For teachers returning to work this term after a period of absence - whether for parental leave, long-term sickness or a break in service - the anxiety of online teaching is a very real concern. 

Some teachers - those who began their parental leave in June, for example - may not return to school until summer 2021, after more than a year away if they were self-isolating as a vulnerable, pregnant member of staff during the first lockdown.

With all schools teaching online in some form since last March, and evolutions in their practice brought about by the logistical changes in September and then again this January, the fear that the teaching landscape has transformed beyond belief isn’t completely unfounded. 

But if you’re returning to a digitised world from a period of absence at some point this year, there are good reasons not to feel too overwhelmed by this virtual unknown.

Coronavirus and schools: Adapting to remote learning

Human beings are adaptable by nature, and the very experience of stepping out - and then back into - the profession, having spent time doing something completely different in between, is evidence of your ability to thrive by transferring skills and knowledge from one context to another. 

The majority of our current teaching generation have also grown up in an age of rapidly changing technology. Many of us learned to touch-type following hours spent on MSN. We speak a language of social-media privacy settings, joining details, screen sharing and airdropping. Like learning a new language when we are already adept at two or three, our brains are coded to understand the logic of the new platforms that our schools are using.

Online learning is not an exact science, and the core principles of teaching still apply: the manner in which you conduct your virtual lessons will depend on the class, the topic, the day of the week, the weather, students’ assessment scores, their mood that day - and yours. 

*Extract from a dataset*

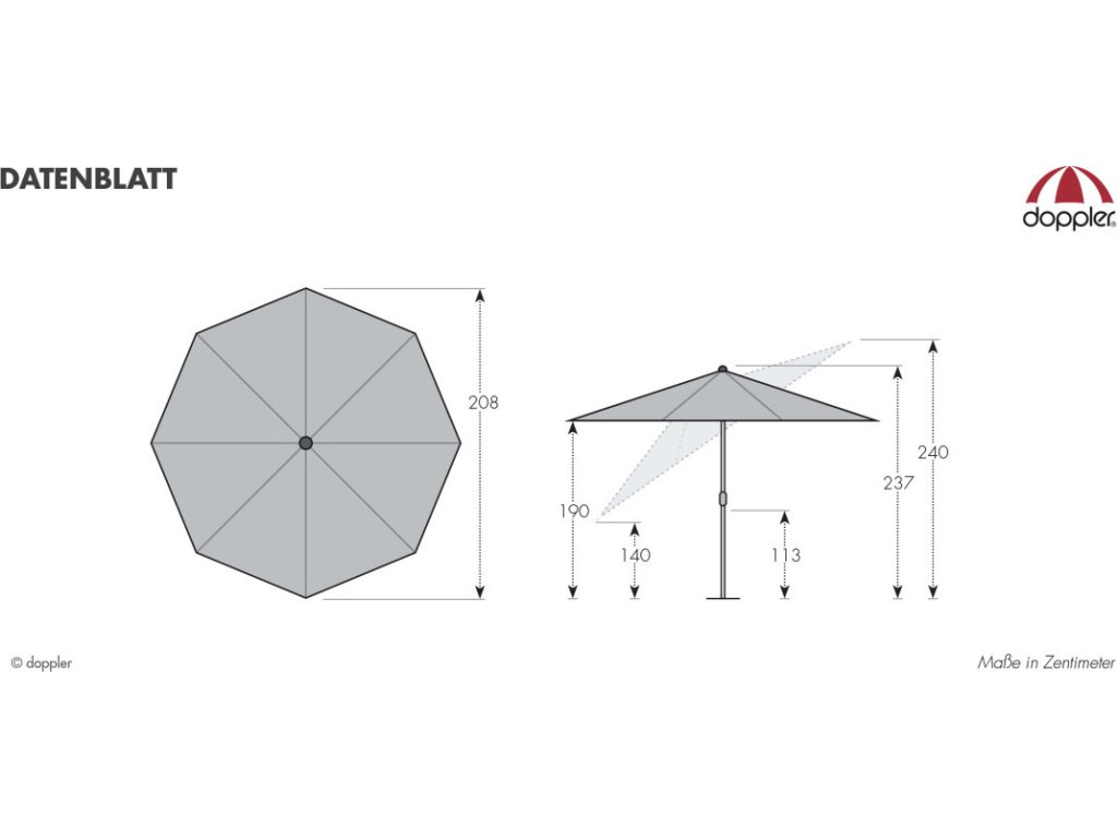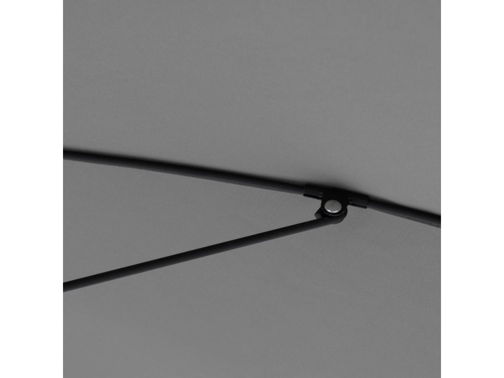 Slunečník má stabilní ocelovou konstrukci v antracitové barvě s ručním otevíráním a naklápěcím kloubem se 3 polohami naklopení. Potah je vyroben ze 100% PET recyklované polyesterové tkaniny a má dobrou UV ochranu 50+. Touto novou kolekcí ""GREEN EDITION"" následujeme trend udržitelnosti materiálů a výrobků.

While it may feel like teachers who have been online since March are light years ahead of those who have just returned, a good teacher will always be tweaking and changing their practice, cutting their losses and celebrating their successes. 

Like learning to drive, the best way to figure these things out is to just get on with it. And if you “crash”, it really is a low-stakes context in the grand scheme of things: lessons may end abruptly, or one or two may even fail to get started. Some phone calls may have to be made regarding conduct in the chat (which you can screen grab). 

Keeping a sense of perspective

Soon, your trial and errors, evaluations and successes will enable you to share tips with the experts who got you up and running in the first place. 

Lastly, it’s important to retain a sense of perspective. Back in April, the Sutton Trust reported that, on average, just 23 per cent of state-school students were engaging with online lessons, compared with up to 60 per cent of private-school students.

The report, and teachers’ own experiences, reveal a myriad of reasons for this: lack of access to devices or wi-fi; students’ inability to take on the mature skills of time management and motivation; parents’ inability - as result of work, lack of understanding or lack of confidence - to monitor this; inappropriate home-working set-ups; the impact of poor mental health; or the other domestic or caring responsibilities now required of our young people. 

The focus, therefore, should be on what we can do, prioritising the students virtually in front of us, not all the overwhelming things that are beyond our ability to control. 

In such times, collaboration and calm problem solving are your friends, along with a multi-pronged approach.

Heads of department can divide the labour between team members, with someone adapting lessons to be online-learning ready, another creating paper booklets for those who cannot engage online, and another sketching out a contingency plan for classes where virtual learning completion rates range from 100 per cent to absolutely nothing.

Social media provides a great opportunity for wider networking, to share best practice and to get a sense of what’s going on in similar school contexts.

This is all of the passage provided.